Can use data->sfi_data->state = next_perf_state here directly and
drop local var 'perf'.

> +
> +       return 0;
> +}
> +
> +static int sfi_cpufreq_cpu_init(struct cpufreq_policy *policy)
> +{
> +       unsigned int i, result = 0, valid_states = 0;
> +       unsigned int cpu = policy->cpu;
> +       struct sfi_cpufreq_data *data;
> +       struct sfi_cpufreq_performance *perf;
> +
> +       data = kzalloc(sizeof(*data), GFP_KERNEL);
> +       if (!data)
> +               return -ENOMEM;
> +
> +       data->sfi_data = per_cpu_ptr(sfi_perf_data, cpu);

I told you this before and this is still broken:

> Your code is dependent on policy->cpu at multiple places and it can change on
> CPU hotplug.

To explain again, in your case a single policy will have two CPUs.
Groups are: 0-1 and 2-3.
policy->cpu for both policies are 0 and 2.

If we hotplug out cpu 0 or cpu 2, policy->cpu will be updated to 1 and 3.

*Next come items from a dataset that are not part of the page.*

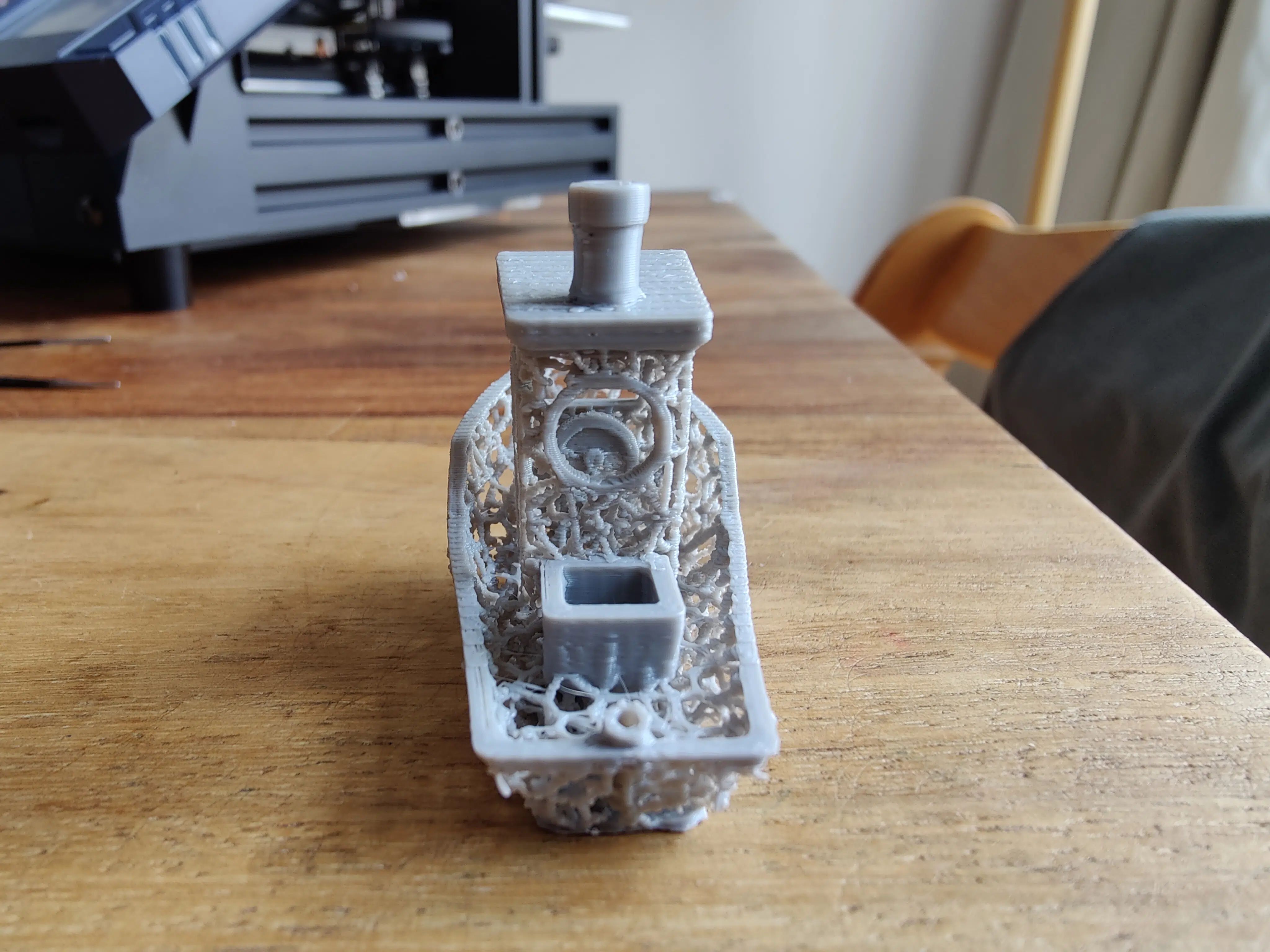 Als nächstes kommt das übliche Voronoi-Benchy als Torture-Test dran. Nach 1 h 20 m ist es bei 185 zu 60 Grad bei einer Druckgeschwindigkeit von 150mm/s fertig und offenbart Probleme mit der Kühlung bei Überhängen. Viele der Verästelungen führen ins nichts. Hier konnte beispielsweise der Ender-5 S1 deutlich besser performen.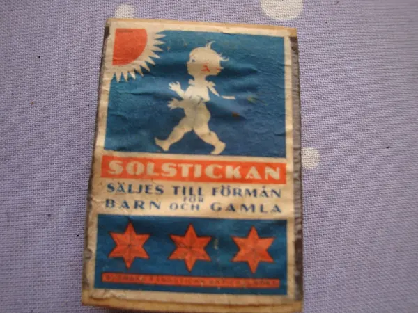 • Tändsticksask med texten: Solstickan, säljes till förmån för barn och gamla.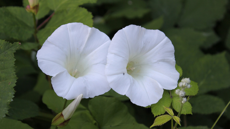 Moonflowers may be pretty easy to grow and will spread far and wide across your garden if allowed. However, this comes with a catch: If consumed at all, then the moonflower is seriously poisonous to humans and animals alike. H2ouse explains that from the roots to the leaves, flowers, seeds, and sap, the moonflower can be lethal. Fortunately, many animals will avoid eating moonflowers due to the scent that they release — think of it as being a warning scent. However, all creatures great and small will be affected by moonflower if they consume it so it's better not to grow it around pets.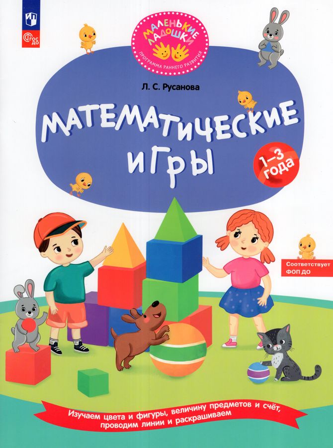 В развивающей тетради представлены игровые задания для детей по формированию элементарных математических представлений в соответствии с комплексной образовательной программой дошкольного образования для детей раннего возраста: от двух месяцев до трёх лет — «Маленькие ладошки». Материал, представленный в тетради, разделён тематически. В каждой теме ребёнку предлагается выполнить интересные задания по формированию понятий о цвете, форме и величине предметов, счёте, временных и пространственных представлений.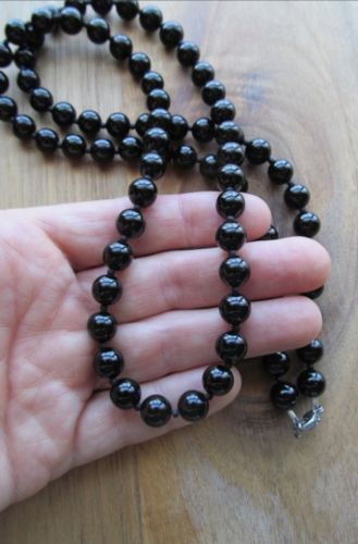 Χειροποίητο κολιέ με διπλό μεταξωτό νήμα με ορυκτό μαύρο όνυχα 10 mm.

And then the above per-cpu variable access will return NULL, as you
have initialized
them just for 0 and 2, not 1 and 3.

> +       per_cpu(drv_data, cpu) = data;
> +
> +       result = sfi_cpufreq_register_performance(data->sfi_data);
> +       if (result)
> +               goto err_free;
> +
> +       perf = data->sfi_data;
> +       policy->shared_type = CPUFREQ_SHARED_TYPE_HW;
> +
> +       data->freq_table = kzalloc(sizeof(*data->freq_table) *
> +                               (perf->state_count+1), GFP_KERNEL);
> +       if (!data->freq_table) {
> +               result = -ENOMEM;
> +               goto err_free;
> +       }
> +
> +       policy->cpuinfo.transition_latency = 0;
> +       for (i = 0; i < perf->state_count; i++) {
> +               /* detect transition latency */
> +               if ((perf->states[i].latency * 1000) >
> +                   policy->cpuinfo.transition_latency)
> +                       policy->cpuinfo.transition_latency =
> +                               perf->states[i].latency * 1000;
> +
> +               /* initialize the freq table */
> +               data->freq_table[valid_states].driver_data = i;
> +               data->freq_table[valid_states].frequency =
> +                               perf->states[i].freq_mhz * 1000;
> +               valid_states++;
> +
> +               pr_debug("     %cP%d: %d MHz, %d uS\n",
> +                       (i == perf->state ? '*' : ' '), i,
> +                       (u32) perf->states[i].freq_mhz,
> +                       (u32) perf->states[i].latency);
> +       }
> +
> +       data->freq_table[valid_states].frequency = CPUFREQ_TABLE_END;
> +       perf->state = 0;
> +
> +       result = cpufreq_table_validate_and_show(policy, data->freq_table);
> +       if (result)
> +               goto err_freqfree;
> +
> +       pr_debug("CPU%u - SFI performance management activated.\n", cpu);
> +
> +       return result;
> +
> +err_freqfree:
> +       kfree(data->freq_table);
> +err_free:
> +       kfree(data);
> +       per_cpu(drv_data, cpu) = NULL;

Order of these two instructions must be reversed..

> +
> +       return result;
> +}
> +
> +static int sfi_cpufreq_cpu_exit(struct cpufreq_policy *policy)
> +{
> +       struct sfi_cpufreq_data *data = per_cpu(drv_data, policy->cpu);
> +
> +       per_cpu(drv_data, policy->cpu) = NULL;
> +       kfree(data->freq_table);
> +       kfree(data);
> +
> +       return 0;
> +}
> +
> +static struct cpufreq_driver sfi_cpufreq_driver = {
> +       .flags          = CPUFREQ_CONST_LOOPS,
> +       .get            = get_cur_freq_on_cpu,
> +       .verify         = cpufreq_generic_frequency_table_verify,
> +       .target_index   = sfi_cpufreq_target,
> +       .init           = sfi_cpufreq_cpu_init,
> +       .exit           = sfi_cpufreq_cpu_exit,
> +       .name           = "sfi-cpufreq",
> +       .attr           = cpufreq_generic_attr,
> +};
> +
> +static int __init sfi_cpufreq_init(void)
> +{
> +       sfi_perf_data = alloc_percpu(struct sfi_cpufreq_performance);

Why do you need a per-cpu struct for this? Its per-policy and so you
better allocate it at runtime from ->init() call.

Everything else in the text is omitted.